There was something off about the color of the piano. The creamy white seemed natural and I wondered what wood would give off that particular hue. Close up it was obvious that it was constructed completely from ivory. The broad lid and body were made from fitted planks, while the legs were formed from single tusks.

“Easy,” Etta said again. She had come up behind me.

“They must’a killed a dozen or more elephants to build this thing, Etta.”

“So what? That’s not why I brought you here.”

“Does anybody ever even play it?” I asked.

“Willis did now and then when they had cocktail parties in here.”

“He played piano too?”

“Willis was as talented as he thought he was,” Etta said with motherly pride. “That’s why it broke my heart when he talked about his dreams.”

“If he got the talent, maybe he’ll get the dream.”

“What drug you takin’?” Etta said. “He’s a poor black child in a white man’s world.”

“Louis Armstrong was a poor black boy.”

“And for every one Armstrong you got a string of black boys’ graves goin’ around the block. You know how the streets eat up our men, especially if they got dreams.”

She turned away from me then and made her way toward yet another door. I lagged back for a moment, thinking about a black woman’s love being so strong that she tried to protect her men from their own dreams. It was a powerful moment for me, bringing Bonnie once more to mind. She loved me and urged me to climb higher. And now that I was way up there, the only way to go was down.

The next room was a stupendous kitchen. Three gas stoves, and a huge pit built into the wall like a fireplace. Cutting-board tables and sinks of porcelain and a dozen cooks, cooks’ helpers, and service personnel. The various workers stared at me, wondering, I supposed, if I was a new member of the hive. A man in a chef’s hat actually stopped me and asked, “Are you the new helper?”

“Yes,” I said. “But I only work with one food.”

“What’s that?”

“The jam.”

The next room was small and crowded with hampers overflowing with cloth. Even the walls were covered in fabric. The only furniture was a pedal-powered sewing machine built into its own table and two stools, all near a window that was flooded with sunlight.

On one of the stools sat a white woman with long, thick brown hair. She was working her foot on the pedal, pulling a swath of royal-blue cloth under the driving needle.

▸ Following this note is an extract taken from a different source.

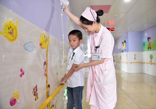 福建省福州儿童医院牵头组建了福州市儿科医联体。图为福州儿童医院病房大楼内,护士在陪护一名小患者。
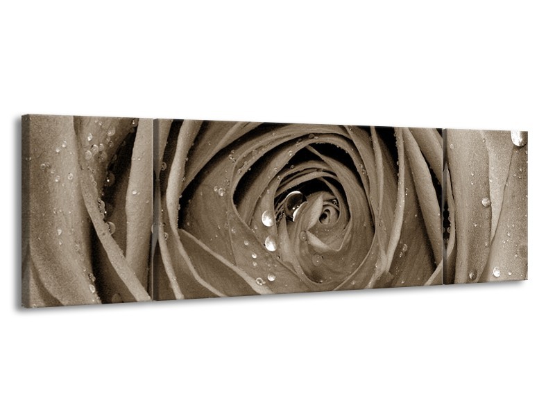 Canvas Schilderij Bloem, Roos | Sepia | 170x50cm 3Luik

“Mrs. Merchant,” Etta said.

The woman turned from her sewing to face us.

She was in her forties, but young-looking. Etta was in her forties then too, though I always thought of her as being older. Etta’s skin was clear and wrinkle-free, but the years she’d lived had still left their mark. Etta was a matron, while the white woman was more like a child. Mrs. Merchant’s face was round and her eyes were gray. She’d been crying, was going to cry again.

“Etta,” she said.

She rose from her stool. Etta walked toward her and they embraced like sisters. EttaMae was much the larger woman. Mrs. Merchant was small-boned and frail.

“This is the man I told you about, Brian Phillips,” Etta said, using a name I had suggested on the drive up.

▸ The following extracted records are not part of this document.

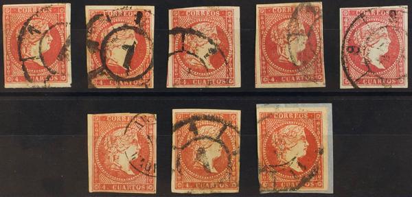 52F(4). 1860. Conjunto de cuatro sellos (con diferentes tonalidades) del 4 cuartos amarillo FALSO POSTAL TIPO VII, utilizado en Lérida. MAGNIFICO.
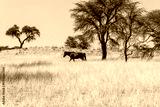 Two horses walking through dry yellow grass in an African savannah with scattered trees in a hot, arid landscape.
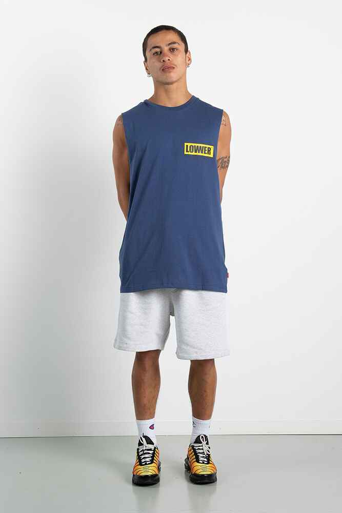 Lower presents the Men's Top Rope Cut Tank in blue.

The white woman put on a smile and held out her hand to me. I took it.

“Thank you for coming, Mr. Phillips,” she said.

“I’m here for Etta, Mrs. Merchant.”

“Sheila. Call me Sheila.”

“What is it you need?” I asked.

“Hasn’t Etta told you?”

“Your daughter has run away with one of your employees. That’s really about all I know.”

“Sin is a full-grown woman,” Sheila Merchant said. “She didn’t run away, she just left. But she also left a note behind for her father, informing him that she was leaving with Willis. That poor boy has no idea what game she’s playing with him.”